You're correct. I didn't test the code well, and seem to have gotten several things backward or out of whack. Here's properly tested code (I hope):

#!/your/perl/here
use strict;
use warnings;

my $str="17:43:33:21:23:19:27:6";      
my %hash=split/:/,$str;                
my $count;
my %ad_lookup;
foreach my $k(keys %hash)              
{              
    $count += $k;                        
    $ad_lookup{$count} = $hash{$k};
}                        

my @ad_lookup_sorted_keys = sort {$b <=> $a} keys %ad_lookup;

my %seen;
for my $rand ( 1..$count )
{
#    my $rand = rand($count);    
    my $adid;
    foreach my $key ( @ad_lookup_sorted_keys )
    {
        if ( $rand <= $key )
        {
            $adid = $ad_lookup{$key};
        }
        else
        {
            last;
        }
    }
#    print "$adid\n";
    $seen{$adid}++;
}
foreach my $k ( sort {$a <=> $b} keys %seen )
{
    print "\$seen{$k}: $seen{$k}\n";
}
[download]

Which outputs:

$seen{6}: 27
$seen{19}: 23
$seen{21}: 33
$seen{43}: 17
[download]

[There would be a slight shift going back to rand, because of the 0..99 and 1..100 difference.
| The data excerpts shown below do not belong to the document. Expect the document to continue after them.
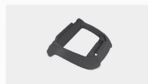
Socle pour boîtier de commande Quadro di comando
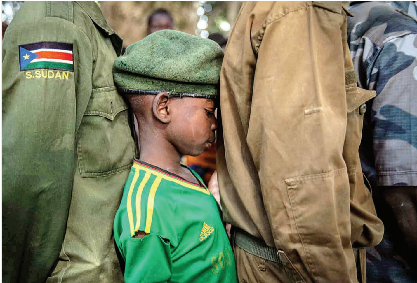
▲ در آفریقا پس از چهار ماه از مرد می شوند حضور این کودک در صحنه متقاضیان خدمت در ارتش سودان جنوبی می کنند.
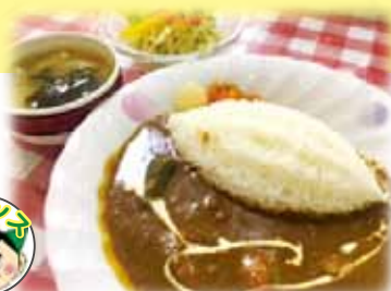
ちよい辛カレー 900円(税込)
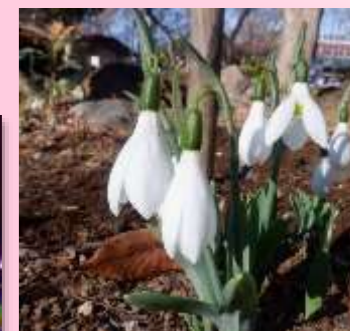
スノードロップが十数輪、植物園管理棟横で開花中
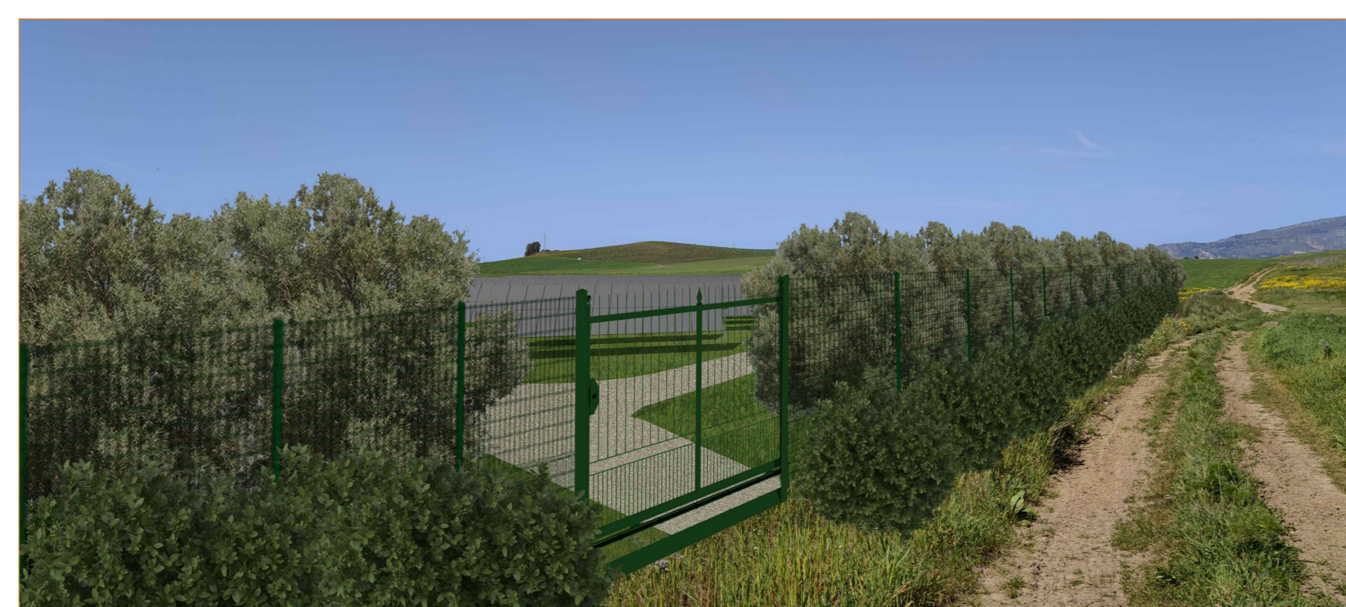
Cono ottico 3B - stato di progetto
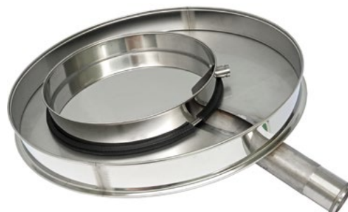
Поддоны Грохота ГР 30 и ГР 50
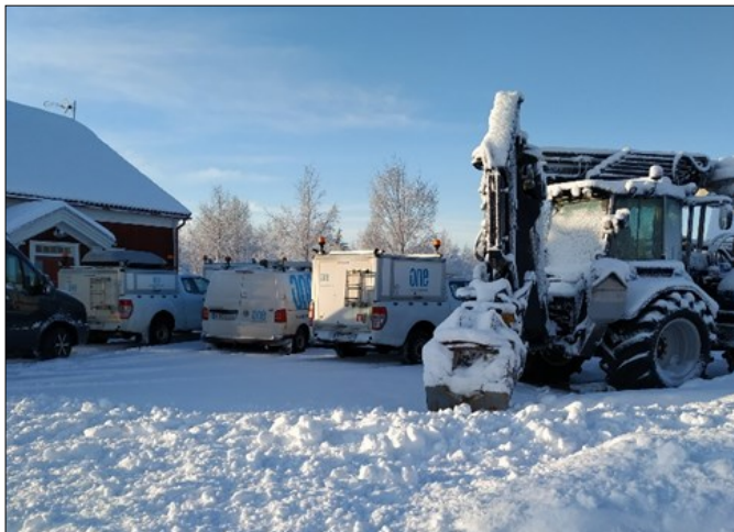
Ett resursstarkt gäng bor på Bygdegården

Från tidig vår och fortfarande, pågår arbeten med att säkra upp elleveranserna till Lögda by och angränsande byars elabonnenter. Bygdegården är uthyrd till entreprenör som utför arbeten med kabelgrävningar, nya elskåp och dragning av ny luftledning i anslutning till allmän väg. Ledning som ersätter den som tidigare dragits genom skog på sidan om vägar. Nu kommer bygdegården väl till pass med stora utrymmen till upplag för matriel och maskiner. En väl fungerande internetuppkoppling och säker elförsörjning är väl om något goda förutsättningar för ett tryggt boende och möjligheter att bedriva vissa verksamheter från byn i framtiden.
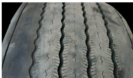
Usure étagée de l'épaule
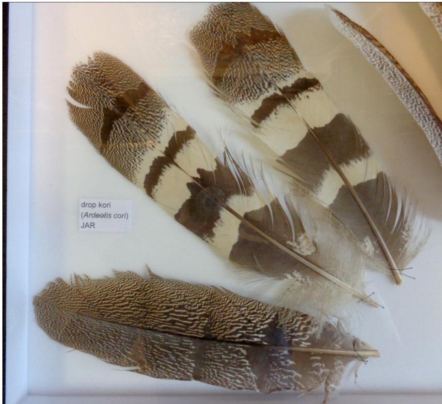
drop kori ( Ardeotis kori ) JAR

I believe you just need to change:

    $ad_lookup{$count} = $hash{$k};
[download]

to:

    $ad_lookup{$count-1} = $hash{$k};
[download]

]

I should note there are several ways to do this and get it right, and this is but one. Also, the key sort is only done once. A binary search on the keyspace would be faster, if there are many keys, but I'd estimate you would need a hundred keys or so to make it worth while. [Feel free to test that if you like]